A world of fail. Of course, the “bk repair” suggested does not fix the problem. This kind of problem should just not be possible. grr…

Getting a file size (on Windows)

The first point I’d like to make is that you’re using a Microsoft Windows API, so you have already lost. You are just not quite aware of how much you have lost.

A quick look around and you say “Ahh… GetFileSize, that’s what I want to do!” Except, of course, you’re wrong. You don’t want to use GetFileSize at all. It has the following signature:

DWORD WINAPI GetFileSize(  __in       HANDLE hFile,

__out_opt  LPDWORD lpFileSizeHigh

);

Yes, it supports larger than 4GB files! How? A pointer to the high-order doubleword is passed in! So how do you know if this errored? Return -1? WRONG! Because the high word could have been set and your file length could legitimately be 0x1ffffffff. So to find out if you actually had an error, you must call GetLastError! Instead of one call, you now have two.

The Microsoft documentation even acknowledges that this is stupid: “Because of this behavior, it is recommended that you use GetFileSizeEx instead.”

GetFileSizeEx is presumably named “Ex” as in “i broke up with my ex because their API sucked.”

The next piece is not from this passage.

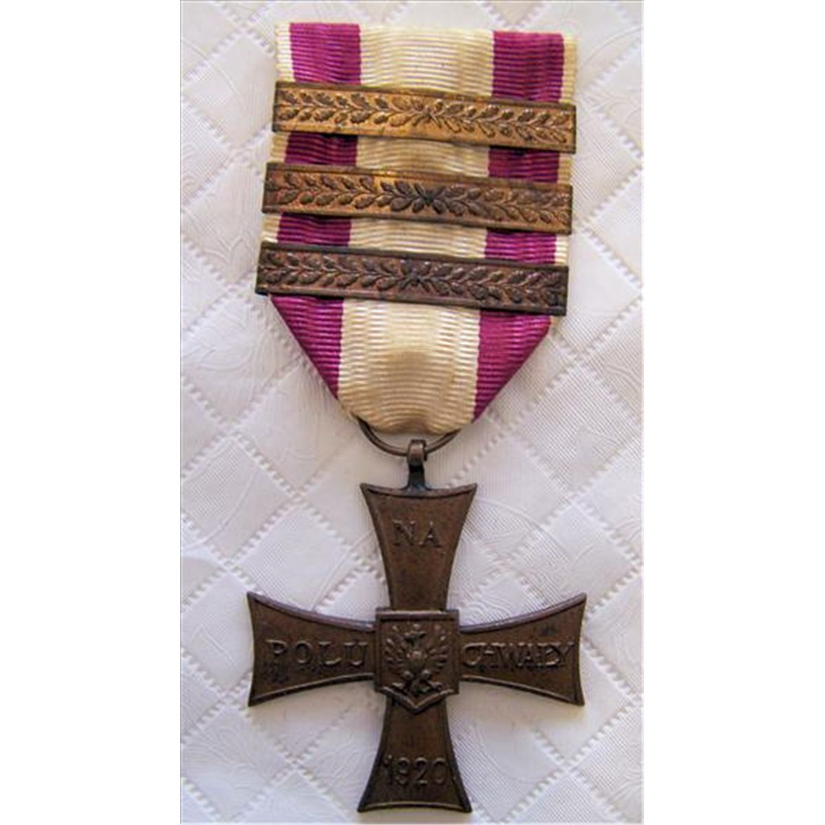 Cross Military Medal with three Bars (NA - POLU - 1920 - Chwaly) back has (WALE CZNYM) White and Purple Ribbon

You now have something that looks like this:

BOOL WINAPI GetFileSizeEx(  __in   HANDLE hFile,

__out  PLARGE_INTEGER lpFileSize

);

Which starts to look a little bit nicer. For a start, the return code of BOOL seems to indicate success or failure.

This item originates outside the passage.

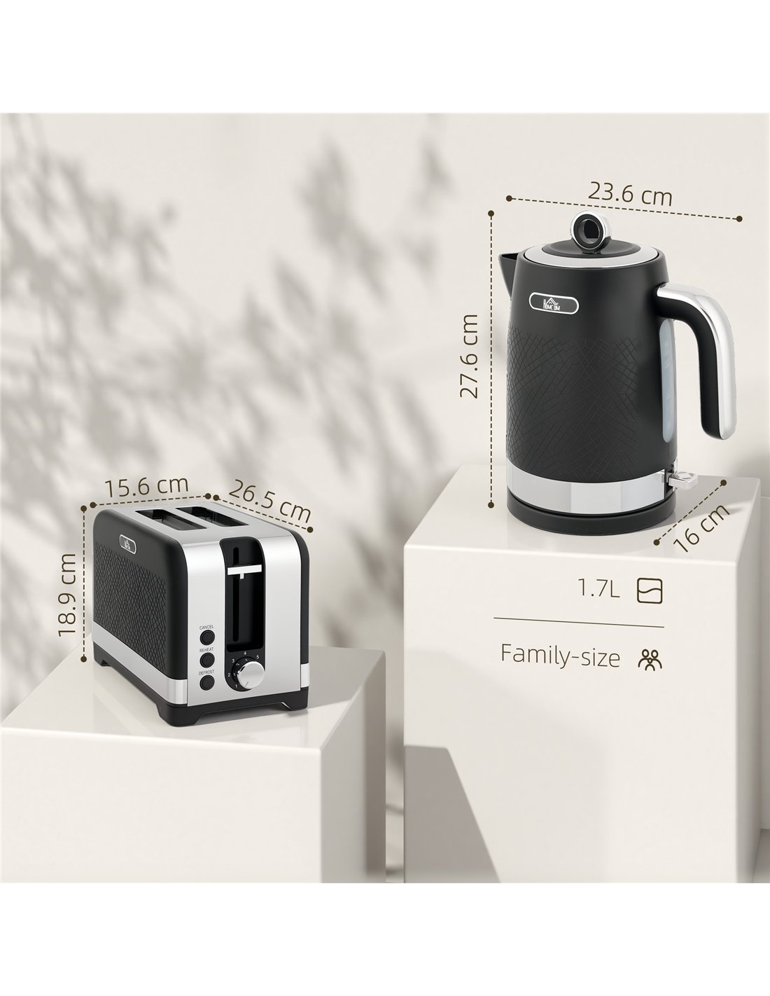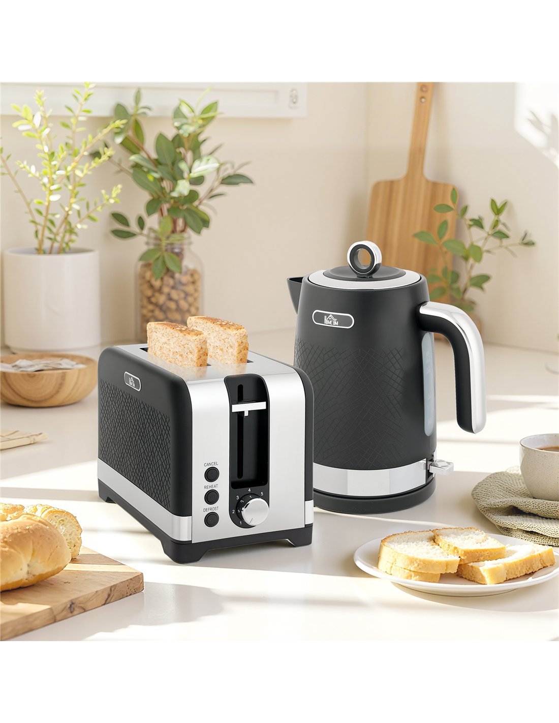 HOMCOM Sleek Textured Kettle and Toaster Set - Black

You now get to provide a pointer to a LARGE_INTEGER. Which, if you missed it, a LARGE_INTEGER is:

typedef union _LARGE_INTEGER {  struct {

DWORD LowPart;

LONG HighPart;

};

struct {

DWORD LowPart;

LONG HighPart;

} u;

LONGLONG QuadPart;

} LARGE_INTEGER,

*PLARGE_INTEGER;

Why this abomination? Well… ” If your compiler has built-in support for 64-bit integers, use the QuadPart member to store the 64-bit integer. Otherwise, use the LowPart and HighPart members to store the 64-bit integer.”

That’s right kiddies… if you’ve decided to loose from the get-go and have a compiler that doesn’t support 64-bit integers, you can still get the file size! Of course, you’re using a compiler that doesn’t have 64bit integer support… and the Microsoft documentation indicates that the GetFileSizeEx call requires Windows 2000… so it’s post y2k and you’re using a compiler without 64-bit ints? You have already lost.

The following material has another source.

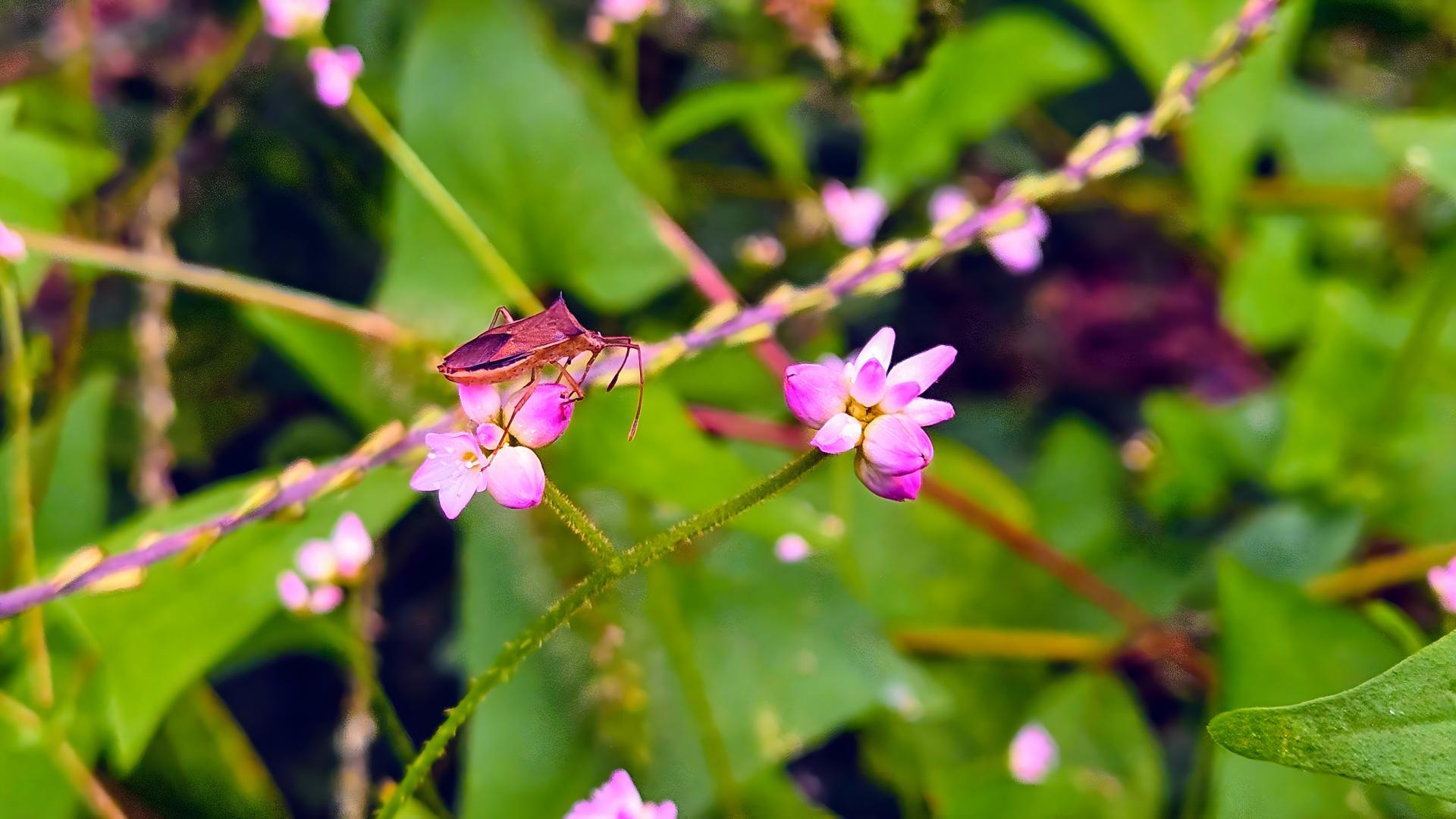가시덩굴여뀌 꽃의 우리가시허리노린재 #노린재 #우리가시허리노린재 #꽃 #가시덩굴여뀌 [원본: 해상도 = 8000x4504, 크기 = 7.2MiB]

Oh, but you say something about binary compatibility for apps written in the old days (handwave something like that). Well… let’s see… IRIX will give you 64bit numbers in stat (stat64) unless you build with -o32 – giving you the old ABI. I just can’t see a use for GetFileSize….. somebody please enlighten me.

Which header would you include? Any Linux/UNIX person would think of something logical – say sys/stat.h (Linux man page says sys/types.h, sys/stat.h and unistd.h). No, nothing sensible like that. It’s “Declared in WinBase.h; include Windows.h”.

So… you thought that obviously somebody went through the API and gave you all this Ex function goodness to get rid of mucking about with parts of a 64bit int? You were wrong. Let me say it with this:

DWORD WINAPI GetCompressedFileSizeTransacted(
  __in       LPCTSTR lpFileName,
  __out_opt  LPDWORD lpFileSizeHigh,
  __in       HANDLE hTransaction
);

I’ll now tell you that this was introduced in Vista/Server 2008.

Obviously, you want to be able to use Transaction NTFS on Windows Vista with a compiler that doesn’t have 64 bit ints. Oh, and you must then make another function call to see if something went wrong?

But you know what… perhaps we can get away from this complete and utter world of madness and use stat()…. or rather… perhaps _stati64().

Well… you’d be fine except for the fact that these seem to lie to you (at least on Windows Server 2003 and Vista) – it seems that even Explorer can lie to you.

But perhaps you’ve been barking up the wrong tree… you obviously don’t want to find the file size at all – what you want is to FindFirstFile! No, you don’t want FindFirstFileEx (in this case, Ex is for Extremely complicated). It’s meant to be faster too… you know, maybe.

So remember kids, smoke your crack pipe – you’re going to need it if using this thing called the Microsoft Windows File Management Functions.